第138章 你再說一遍?
連夜趕路,鐘二上半夜還能撐住,到下半夜的時候,就枕在餘己的腿上睡着了。
餘己一直都沒睡,護着鐘二的肩膀,防止颠簸中傷口碰到。
好在這一夜風平浪靜,她們沒有遇到什麽意外,在天将亮的時候,路過城鎮買了吃食,在城郊一處密林,才總算停車休整。
“醒一醒,”餘己輕輕摩挲鐘二的眉眼,“起來吃點東西。”
鐘二吭吭唧唧,麻草的藥效已經過了,她的肩膀又脹又痛,難受的睜開眼,委屈巴巴的看着餘己。
“不行,”餘己只看她一眼,就知道她是什麽意思,“麻草會影響傷口愈合,忍一忍好不好寶貝兒?”
餘己說:“到下一個彙合點,咱們就不往下走了,尋一處地方休整,專門給你養傷。”
鐘二也不是真的小孩子,被餘己扶着坐起來,半邊手臂根本就不敢動,她朝直播屏幕上看了一眼,卻驚喜的發現上面已經變了。
從系統維護中變為了系統升級中。
餘己伺候着她,簡單洗漱了,将城裏買過來,還熱乎的包子遞給鐘二。
鐘二拿在手裏,用完好的肩頭靠着車壁,一點一點啃着,視線一直盯着系統的直播屏幕,期待下一刻它突然顯示升級成功。
餘己的手裏捧着兩個包子,進到馬車裏,看到鐘二一直盯着直播屏幕,伸手摸了摸她的頭說道:“你先好好吃東西,那個屏幕從昨天晚上開始,就顯示着升級。”
鐘二聞言有一些失望,不再盯着直播屏幕看,手裏啃着包子朝餘己的方向湊了湊,兩人肩頭靠着肩頭吃東西。
包子有兩種餡兒,鐘二拿的是肉餡,她将餡給啃沒了,剩下的皮兒就捏着一點一點嚼。
餘己餘光看到,将自己才咬了兩口的肉餡,擠到鐘二的包子皮上。
鐘二眉開眼笑,咬了一大口肉餡,咽下去之後,轉頭就頂着油呼呼的嘴,照着餘己的側臉,吧唧了一口。

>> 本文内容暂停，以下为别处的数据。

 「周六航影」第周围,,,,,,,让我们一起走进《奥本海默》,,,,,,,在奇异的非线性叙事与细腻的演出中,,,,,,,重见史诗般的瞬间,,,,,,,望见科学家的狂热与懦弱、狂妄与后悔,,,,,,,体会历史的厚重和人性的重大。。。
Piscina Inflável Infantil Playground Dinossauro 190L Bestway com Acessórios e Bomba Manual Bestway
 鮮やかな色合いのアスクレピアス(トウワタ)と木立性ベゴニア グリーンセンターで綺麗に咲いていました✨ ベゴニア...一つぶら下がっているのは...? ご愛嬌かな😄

餘己用手指在臉上蹭一下,油膩膩的,他舔了舔嘴唇,眼角眉梢盡是濃化不開的甜蜜,撅着嘴也要去親鐘二,鐘二卻不讓他親。
鐘二躲不遠,用手捏着餘己的下巴,不讓他靠近,急道:“你油乎乎的,你親了之後還要伺候我洗漱,一股子蔥花味兒,去去去——”
餘己從袖口掏出帕子,在鐘二親過的地方擦了擦,将剩下的一個包子餡兒也給了鐘二,自己又去拿了兩個素餡的。
鐘二靠在車壁上,嘴裏吃着肉餡,眼睛透過車簾的縫隙瞄着在外面活動的餘己,有那麽一種人生圓滿的感覺。

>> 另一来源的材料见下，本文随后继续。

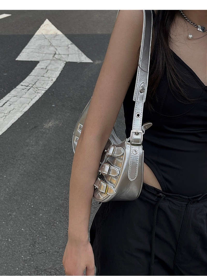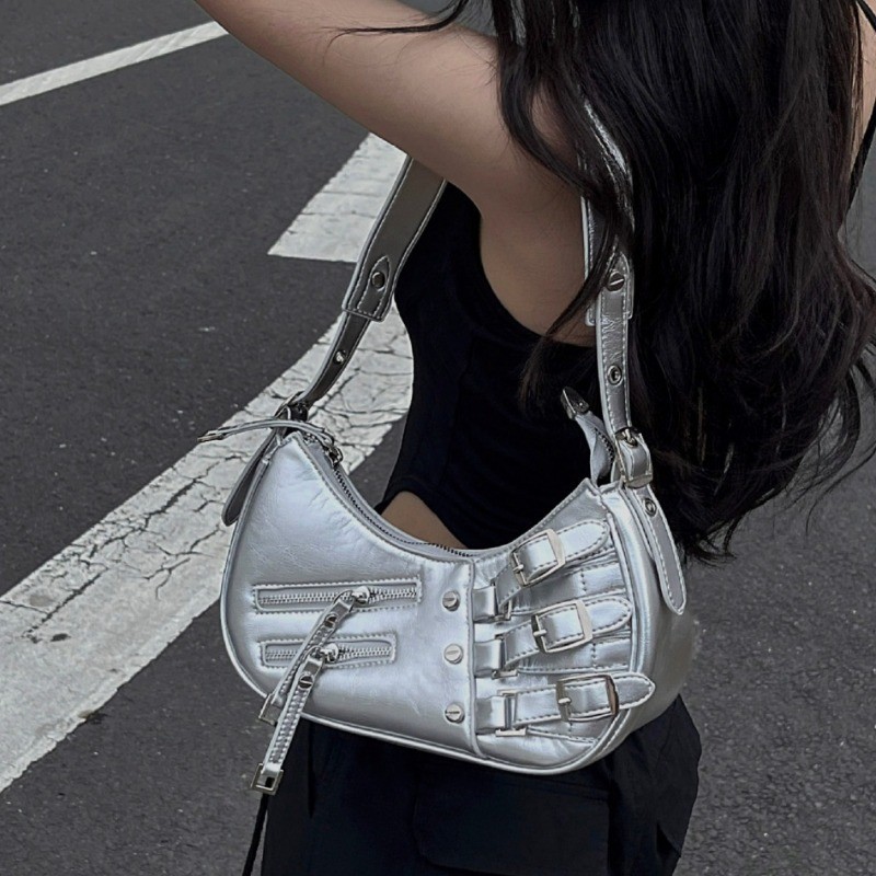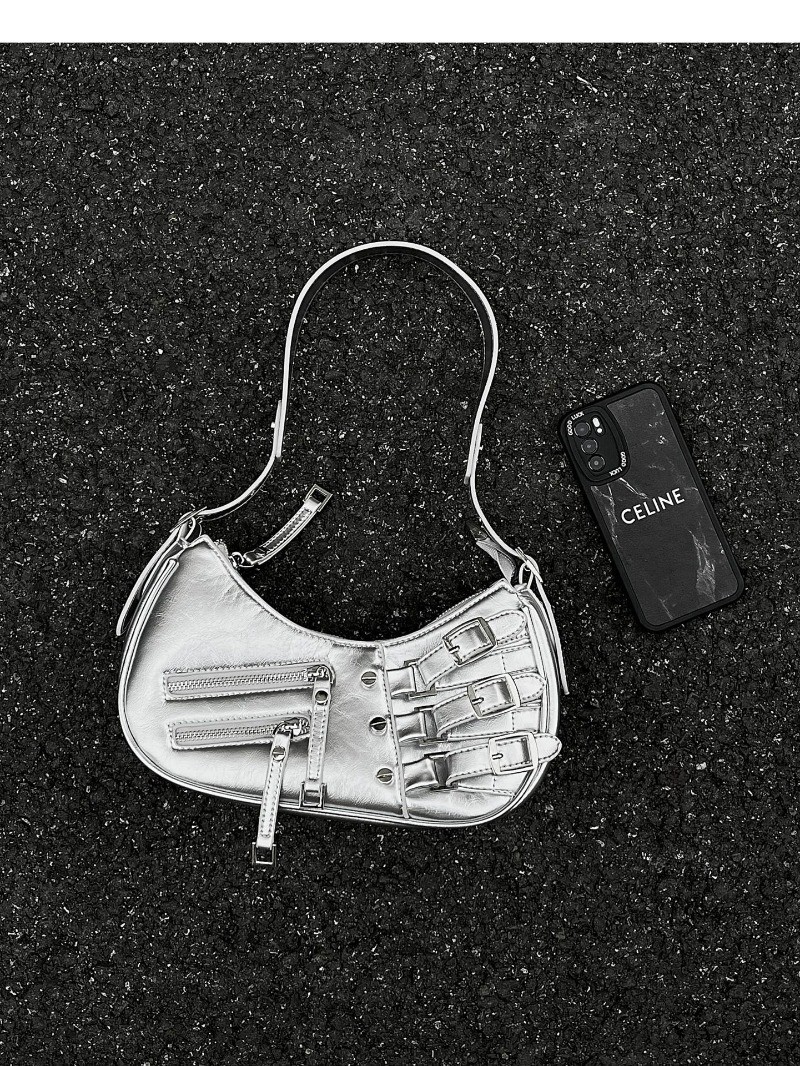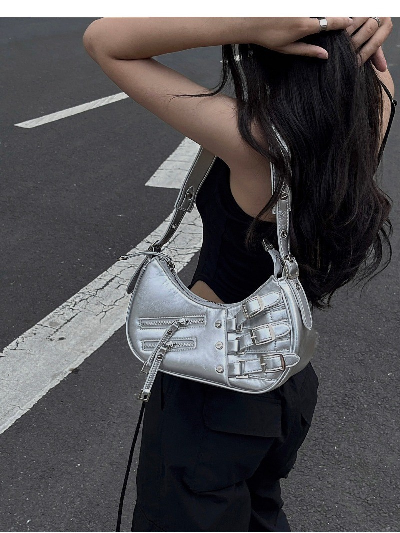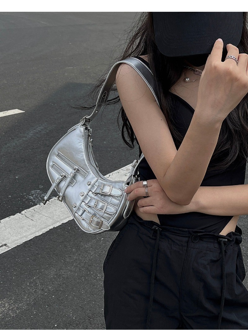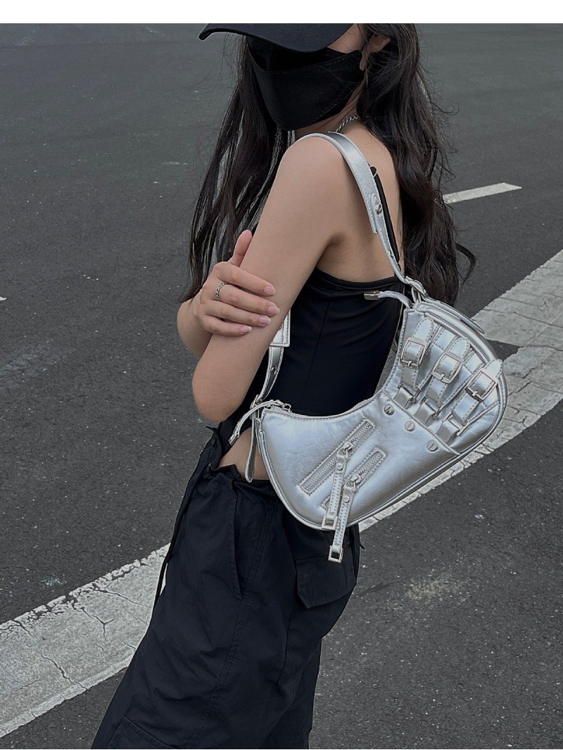 Ielgy Punk Sweet Cool Hot Girl Style Bag Motorcycle One-Shoulder Baguette Underarm Crescent Bag

餘己甚至都不需要做什麽,只要在鐘二的身邊晃悠,就能給她帶來滿足感。
吃完了東西,餘己騎馬跟着兩個人去山上的山澗灌水,鐘二在車上颠簸一夜,渾身上下沒有一處舒服,尋思着下車曬曬太陽,溜達溜達。
結果這一下車還沒走幾步,感覺到剩下的所有人投射在她身上的視線要把她戳漏似的,讓人毛骨悚然。

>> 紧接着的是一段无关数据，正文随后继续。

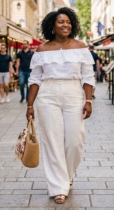 For a slightly dressier outfit, combine an off-shoulder blouse with wide-leg trousers. The off-shoulder design highlights your neckline and shoulders while the loose pants keep you cool in hot weather. Choose breathable fabrics like cotton or linen to stay comfortable in summer heat.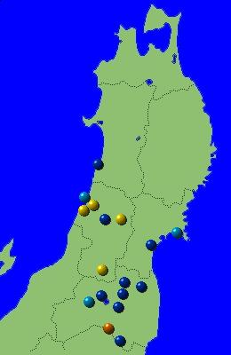 東北地方アメダス分布図(日別)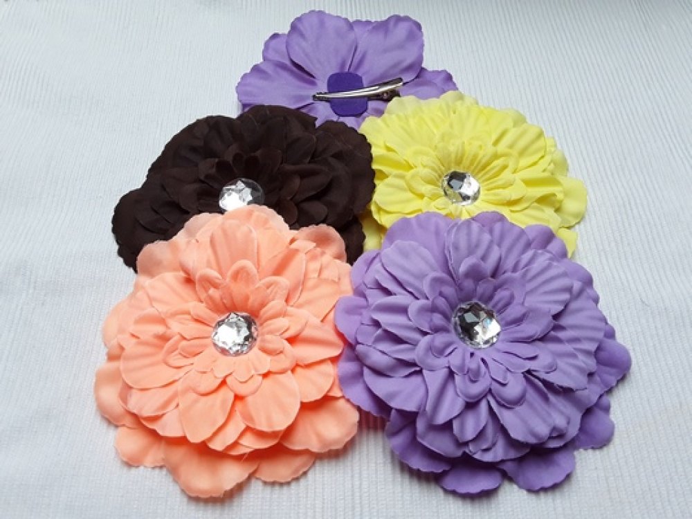 1 Fleur mauve foncé lavande 12cm tissus Strass à Facette à plusieurs paliers au Verso sur feutrine pince
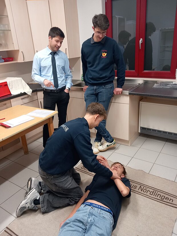 - Praktischer Teil: Erste Hilfe steht ganz oben auf dem Plan! Unsere Nachwuchskräfte zeigten unter den wachsamen Augen der Prüfer die korrekte stabile Seitenlage.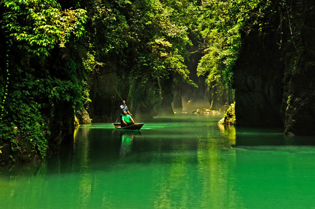 嘉賓們乘“地心奇航”方舟行于翠色江水 攝影 吳冰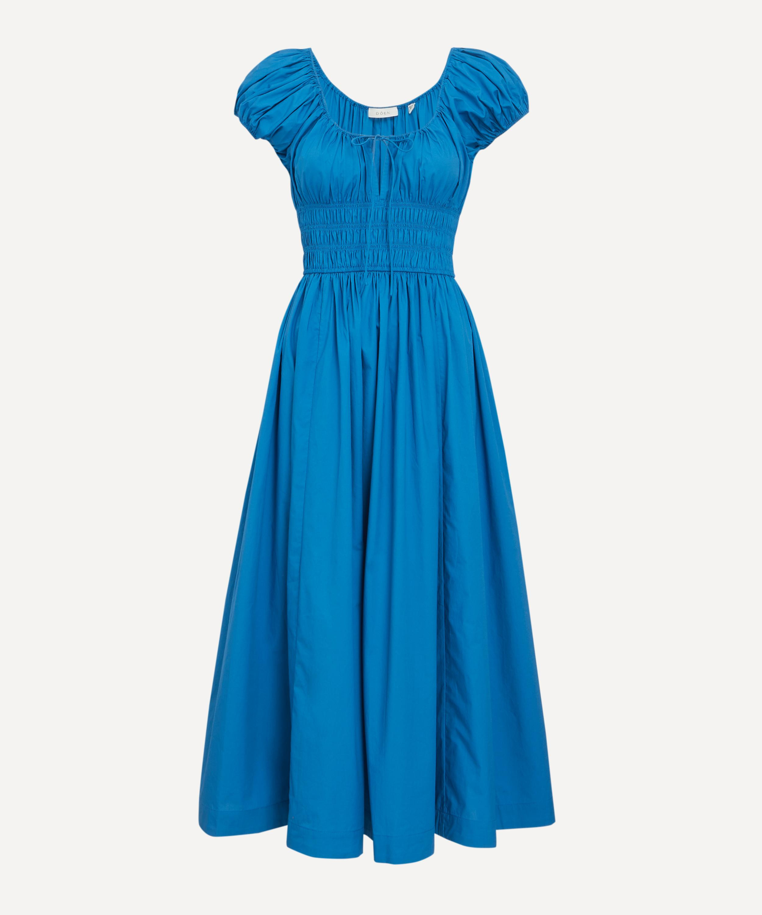 Quinn tie-detailed shirred cotton-poplin midi dress Cobalt blue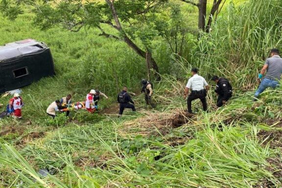 Autobús de pasajeros termina en un barranco; 15 pasajeros resultaron lesionados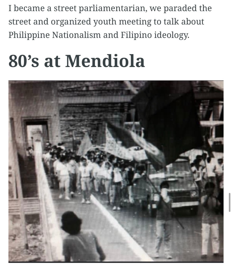 His courage as one of the “new Gomburza” of the 1970s fueled my passion for serving others. I became a street parliamentarian, advocating for nationalism and Filipino identity, but my involvement was often questioned because of my perceived elitism.

經過昨夜的一場,死士們算是真正的見識到主公的能耐,在這些人眼裏,卓絕的武藝會讓他們更加的敬畏,但不顧生命危險,趕回去救一個女人,就讓他們心中有了怨。
那麽多兄弟為了主公而死,最後竟是敵不過一個婢女,他們如何能不心涼呢。
但他們又不敢對主公心存怨念,自懂事開始,他們被灌輸的思想就是忠于主公,任何的情況下,生為主公生,死為主公死。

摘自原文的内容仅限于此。